Publié le 9 octobre 2025 à 09h41. Johnson & Johnson a été condamné par un tribunal de Los Angeles à verser 966 millions de dollars à la famille d’une victime californienne du mésothéliome, un cancer rare, après que celle-ci a affirmé que la poudre pour bébé de l’entreprise était contaminée par de l’amiante. Cette décision s’inscrit dans une longue série de litiges similaires visant le géant pharmaceutique.
- Un jury californien a ordonné à Johnson & Johnson de verser 966 millions de dollars de dommages et intérêts.
- La famille de la victime décédée du mésothéliome impute ce cancer à l’utilisation prolongée de la poudre pour bébé de la marque.
- Johnson & Johnson conteste fermement ces accusations et prévoit de faire appel du verdict.
La famille de Mae Moore, décédée en 2021 d’un mésothéliome – un cancer agressif touchant la membrane qui recouvre les organes internes – a intenté une action en justice contre Johnson & Johnson. Les plaignants soutiennent que l’exposition à l’amiante contenue dans la poudre pour bébé de l’entreprise a été la cause du cancer de leur proche. Le mésothéliome se manifeste le plus souvent au niveau des poumons, mais peut également affecter l’estomac, le cœur et les testicules, selon la Clinique Mayo.
Le verdict rendu lundi en faveur de la famille Moore n’est pas un cas isolé. Johnson & Johnson est confrontée depuis des années à un nombre croissant de poursuites judiciaires alléguant un lien entre son produit phare et divers types de cancer. L’entreprise a annoncé son intention de contester cette décision, qualifiant le verdict de « flagrant et inconstitutionnel », selon les déclarations d’Erik Haas, vice-président du contentieux chez Johnson & Johnson.

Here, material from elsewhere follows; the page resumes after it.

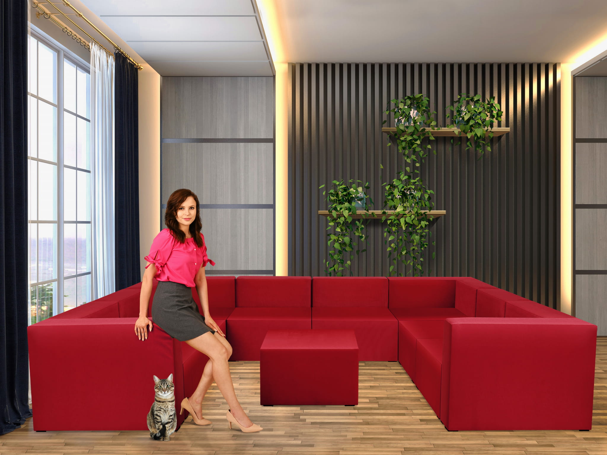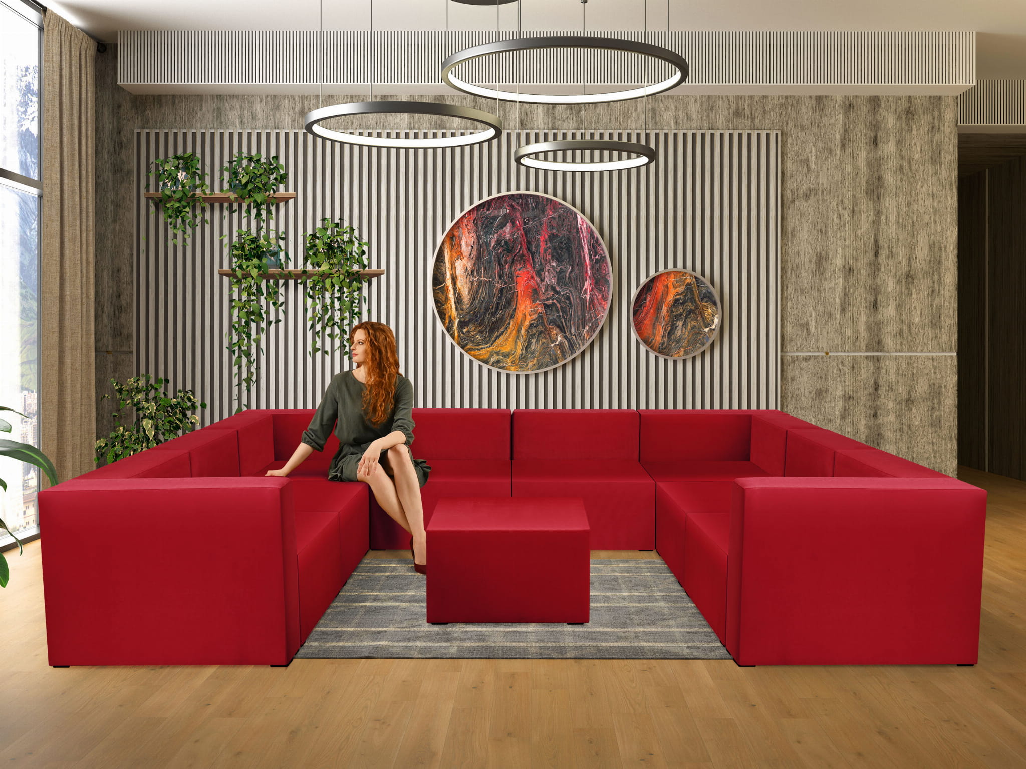 Sześcioosobowy narożnik modułowy w kształcie litery U z podnóżkiem w kolorze czerwonym LEON – element systemu modułowego samodzielny i do połączenia

En 2013, Diane Berg a été la première plaignante à obtenir gain de cause contre Johnson & Johnson, affirmant que la poudre pour bébé avait causé son cancer des ovaires. Bien qu’elle n’ait pas reçu de dommages et intérêts, cette victoire a ouvert la voie à de nombreuses autres actions en justice. En 2016, un jury du Missouri a condamné l’entreprise à verser 55 millions de dollars à une survivante d’un cancer des ovaires, et à 72 millions de dollars dans une affaire similaire. Johnson & Johnson a fait appel de ces deux verdicts.
Si la plupart des décisions de justice se sont prononcées en faveur des plaignants, un jury a estimé dans un cas que les preuves scientifiques ne démontraient pas de lien de causalité entre la poudre et le cancer, statuant en faveur de Johnson & Johnson. En 2018, Reuters a publié une enquête révélant que Johnson & Johnson était au courant depuis des décennies de la présence d’amiante dans sa poudre pour bébé. L’entreprise a qualifié cet article de « unilatéral, faux et incendiaire ».
Le New York Times a également rapporté la même année que des documents internes révélaient l’inquiétude des employés concernant la présence d’amiante dans la poudre, certains affirmant que le produit contenait parfois des matériaux pouvant être classés comme des fibres d’amiante.
Malgré ces accusations persistantes, Johnson & Johnson a toujours nié que sa poudre pour bébé contenait de l’amiante. En octobre 2019, l’entreprise a mené soixante tests sur des échantillons de poudre volontairement rappelés, affirmant qu’aucun ne contenait d’amiante. En décembre de la même année, Johnson & Johnson a publié une déclaration confirmant qu’une enquête interne n’avait révélé aucune trace d’amiante dans le produit, suite à des conclusions de la FDA.
En 2023, Johnson & Johnson a mis fin à la commercialisation de sa poudre pour bébé à base de talc, la remplaçant par de la fécule de maïs, tout en maintenant que sa position sur la sécurité du talc cosmétique restait inchangée. La même année, l’entreprise a proposé un plan de règlement de 8,9 milliards de dollars sur 25 ans pour toutes les réclamations liées à la poudre de talc, mais cette proposition a été rejetée par un juge fédéral en mars 2025.
Plus de 90 000 poursuites sont actuellement en cours contre Johnson & Johnson, qui affirme son intention de « réfuter ces allégations infondées concernant le talc ». En 2023, J&J a transféré ses activités de santé grand public, y compris sa gamme de talc, à Kenvue. Son concurrent GSK a pris une mesure similaire un an plus tôt avec la création de Haleon.